▶ Work to be completed: In the entries below, find the line containing "另外,Ruggable在网站" and the line containing "26일 곽상도 국민의힘". Copy those two lines and everything between them exactly, and only that.

▶ Records provided:
------------------------------------------------

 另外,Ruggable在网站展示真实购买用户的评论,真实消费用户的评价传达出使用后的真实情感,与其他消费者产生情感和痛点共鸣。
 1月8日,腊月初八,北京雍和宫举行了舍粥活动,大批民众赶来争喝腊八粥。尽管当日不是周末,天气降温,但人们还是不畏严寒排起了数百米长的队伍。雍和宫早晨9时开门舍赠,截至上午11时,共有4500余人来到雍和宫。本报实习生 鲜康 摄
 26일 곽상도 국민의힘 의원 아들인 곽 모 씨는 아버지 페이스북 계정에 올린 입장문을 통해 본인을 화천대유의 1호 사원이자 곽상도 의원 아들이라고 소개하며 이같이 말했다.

------------------------------------------------

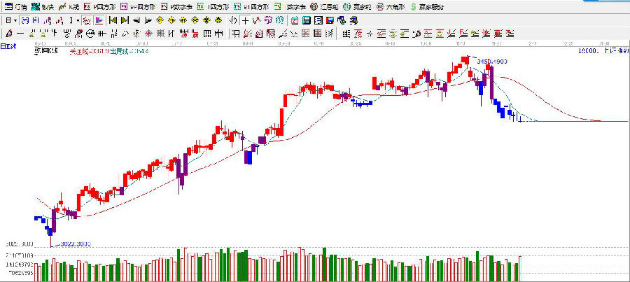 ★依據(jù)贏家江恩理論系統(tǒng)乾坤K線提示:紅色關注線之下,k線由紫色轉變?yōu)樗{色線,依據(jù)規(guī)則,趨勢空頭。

------------------------------------------------

▶ Your solution:
 另外,Ruggable在网站展示真实购买用户的评论,真实消费用户的评价传达出使用后的真实情感,与其他消费者产生情感和痛点共鸣。
 1月8日,腊月初八,北京雍和宫举行了舍粥活动,大批民众赶来争喝腊八粥。尽管当日不是周末,天气降温,但人们还是不畏严寒排起了数百米长的队伍。雍和宫早晨9时开门舍赠,截至上午11时,共有4500余人来到雍和宫。本报实习生 鲜康 摄
 26일 곽상도 국민의힘 의원 아들인 곽 모 씨는 아버지 페이스북 계정에 올린 입장문을 통해 본인을 화천대유의 1호 사원이자 곽상도 의원 아들이라고 소개하며 이같이 말했다.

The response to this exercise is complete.